Teams coached by Jim Boeheim, Jim Calhoun, Bobby Knight, even Mike Krzyzewski, are several wins away from a surefire invite to participate in the March get-together. All four are in the Naismith Memorial Basketball Hall of Fame, so we have to assume they can coach.
Maybe Knight could be dismissed as old school, a coach who hasn't won anything big in years.
But Boeheim, Calhoun and Krzyzewski have won NCAA titles this decade.
Think about that. Syracuse, Connecticut, Duke -- three of the most successful college basketball programs in the country in recent years -- are in dire straits. Including Texas Tech, only Syracuse is above .500 in its conference. At home during the weekend, the Orangemen needed 37 points from Demetris Nichols to beat Rutgers 76-74 just to get to 6-5 in the Big East. Rutgers is an uninspiring 3-9 in the league.
Syracuse is seventh in the conference and the next four teams have five conference wins each.

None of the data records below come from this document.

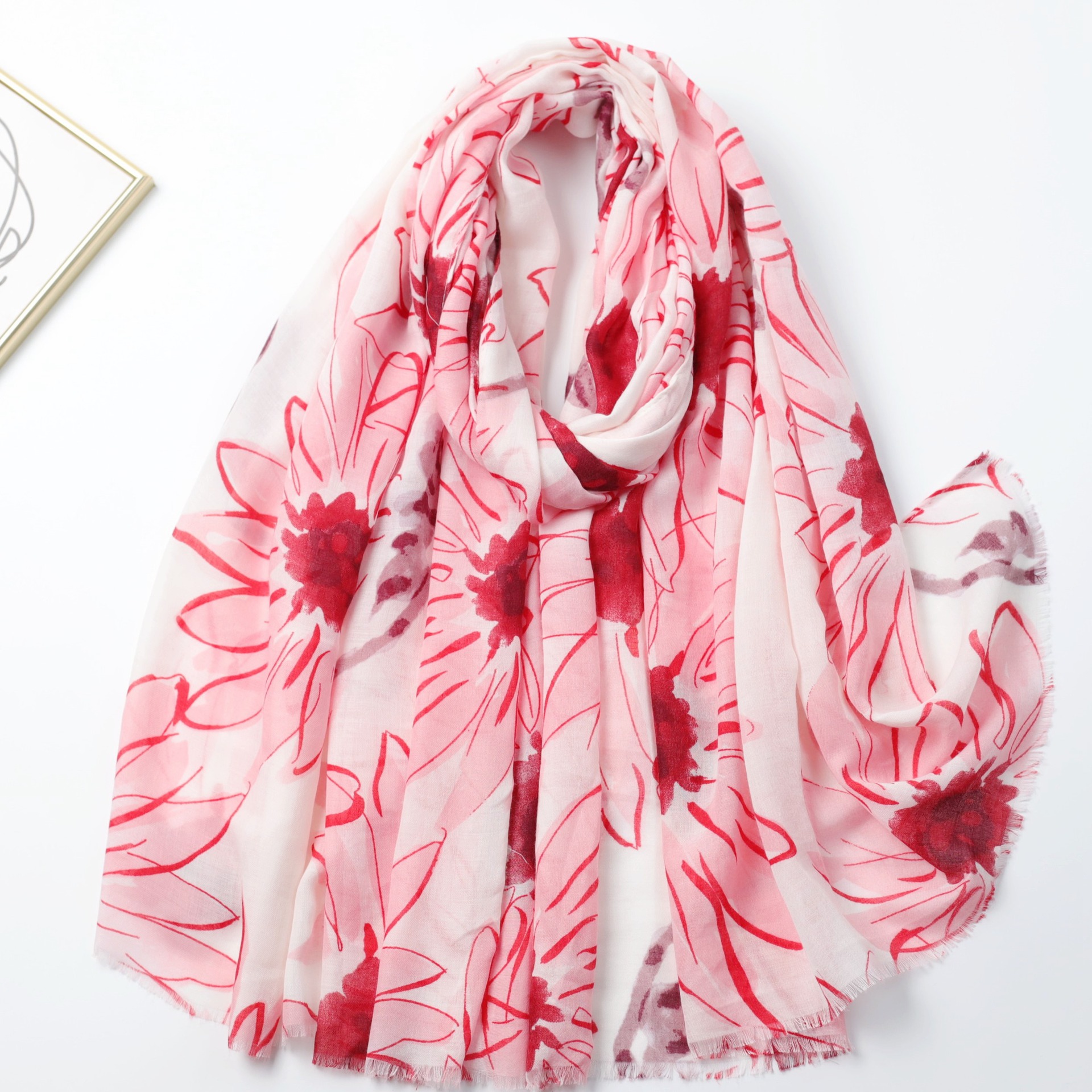 데이지 새틴 코튼 인쇄 긴 수건 공장 판매 대외 무역 국경 라이브 여행 휴가 선 스크린 따뜻한 여성의 목도리 얇은스토어 가기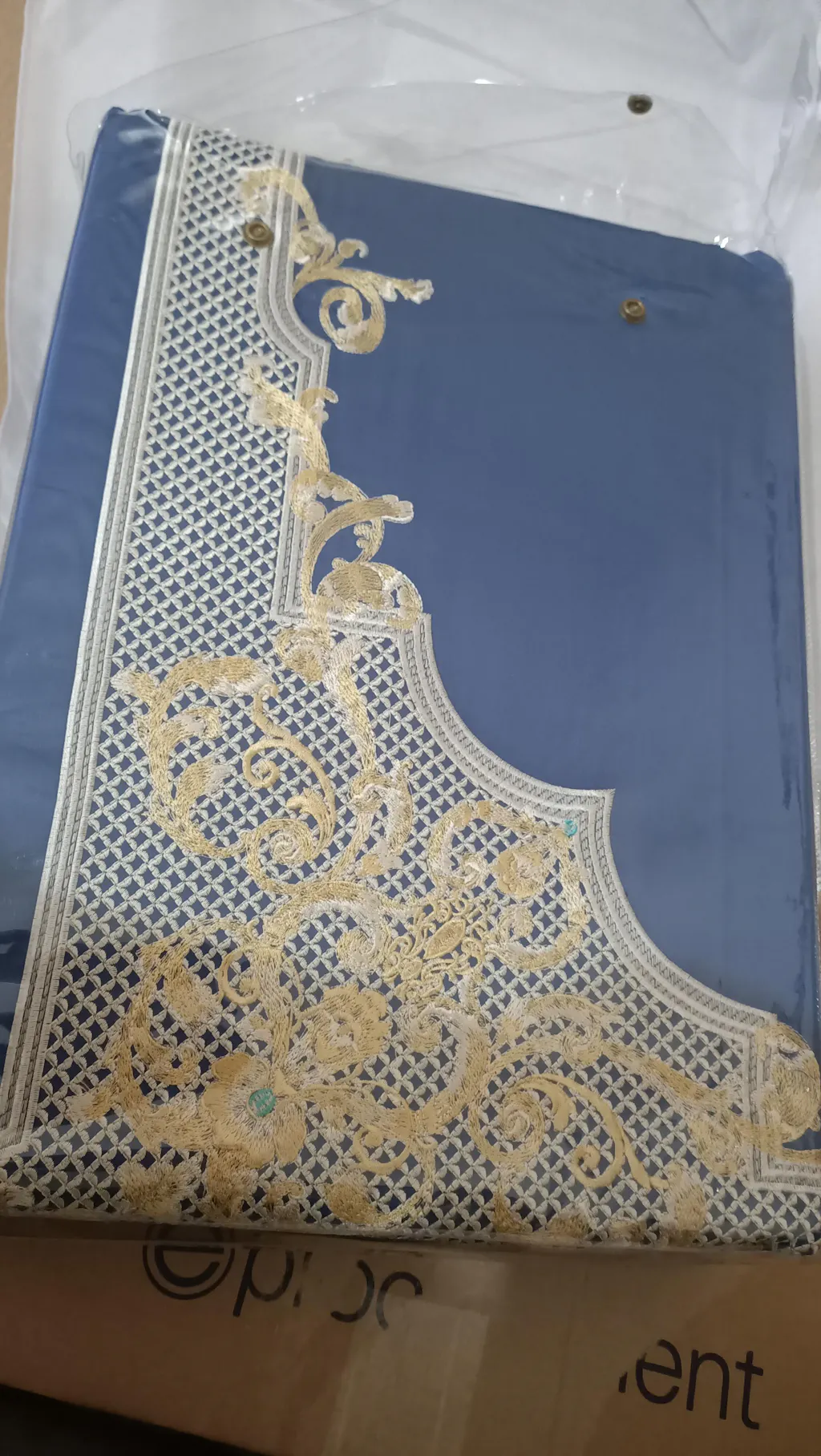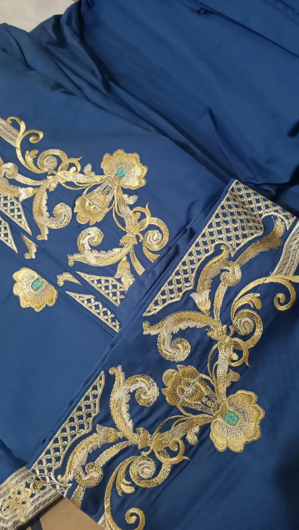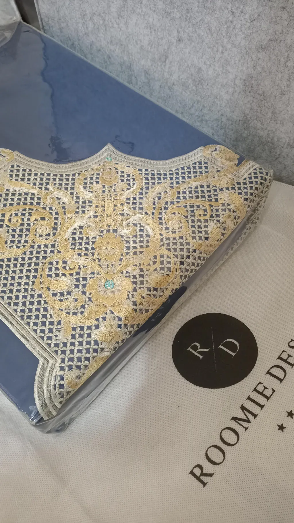 Transform your bedroom into a regal retreat with our Midnight Blue Golden Jacquard Duvet Cover Set. Meticulously crafted from 100% Egyptian cotton, this bedding ensemble seamlessly merges comfort with unparalleled luxury. The timeless and classic blue shade exudes a sense of regality, perfectly complemented by the intricate golden jacquard detailing and hand embroidery, creating an opulent focal point in your space.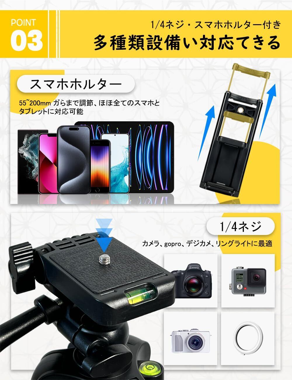 【3WAY雲台付き&多機種対応】:皆さんご存知の通り、3方向の角度を個別に調整できることは3WAY雲台の長所となります。風景写真など、きっちり構図を決めたり水平を取ったりする必要がある場合は、3WAY雲台が必須になります。その分カメラの動きは制限されてしまうので、思いがけない撮影チャンスに手持ち撮影で対応でき。のスマホ 三脚はスマホ、iPad、デジカメ、ビデオカメラ、一眼レフなど様々な機種が対応可能です(1/4ネジ有り)。水準器も搭載し、素晴らしい撮影の構図を発見しましょう!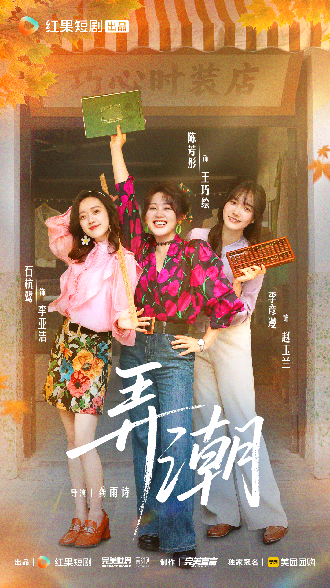 《弄潮》把镜头聚焦于从大山深处走出的王巧绘(陈芳彤饰),面对生活里的困境,她依靠精湛的裁缝技艺,以及母亲王惠香孤注一掷的支持,挣脱命运的枷锁,与同样历经生活磨难的发小赵玉兰(李彦漫饰)重新并肩,并与成衣厂厂长之女李亚洁(石杭鹭饰)从误解走向同盟。 三位背景迥异的女性,在人生的低谷相遇,一句“一起走”的约定,开启了她们从零起步、共同创业的热血征程。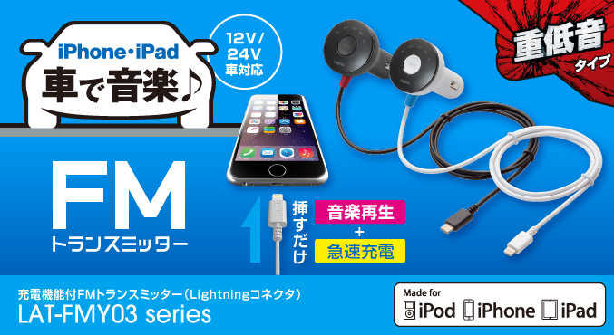 iPhoneやiPad、iPodにLightningコネクタを挿しこむだけの簡単接続で、音楽再生と急速充電が同時にできるFMトランスミッターです。音楽だけでなく、ナビアプリや動画コンテンツの音声をFMカーステレオで聴くことができます。iPhoneなどに直結できるLightningコネクタを搭載していますのでつなぐだけで音楽再生と充電が可能です。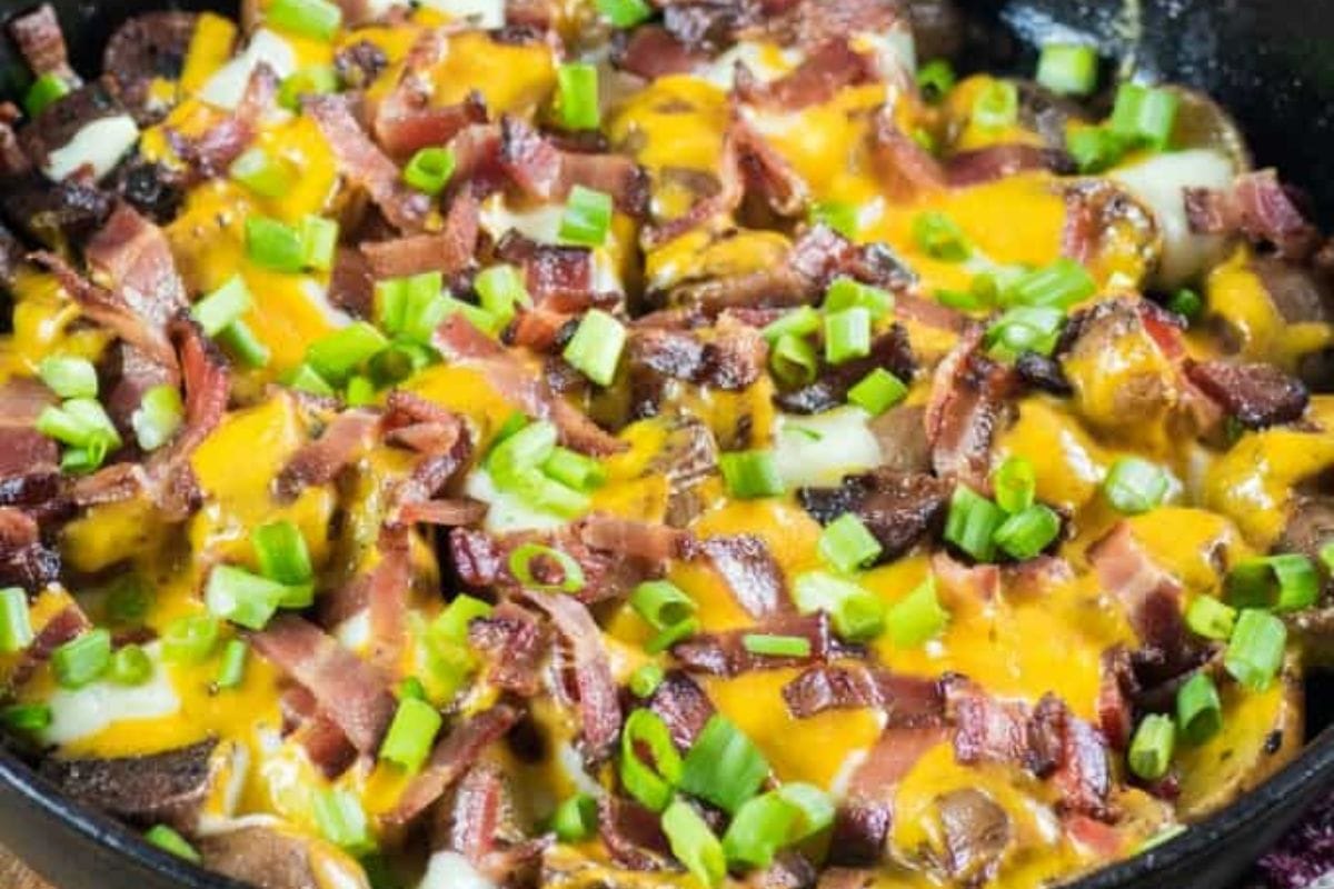 Hot, cheesy, and loaded with bacon, campfire potatoes are an easy, crowd-pleasing foil packet side dish for BBQs, camping, and cookouts.

In the 12th spot, at 4-6, is UConn.
Just Sunday, the Huskies lost for the ninth time in their last 13 outings. They shot 31 percent from the field and made 12-of-21 from the free throw line in a 13-point loss to a Georgia Tech team that is 4-6 in the Atlantic Coast Conference.
Speaking of the ACC, Duke is sixth at 5-6. The Blue Devils lost to Maryland by 12 on Sunday, the first time Duke has lost four straight in 11 years. When was the last time that Duke lost to a team that is 4-6 in the league?
On the road at Stillwater last week, Tech lost in double overtime -- the first time a Knight-coached team had lost five straight since his first year at Indiana in 1971-72.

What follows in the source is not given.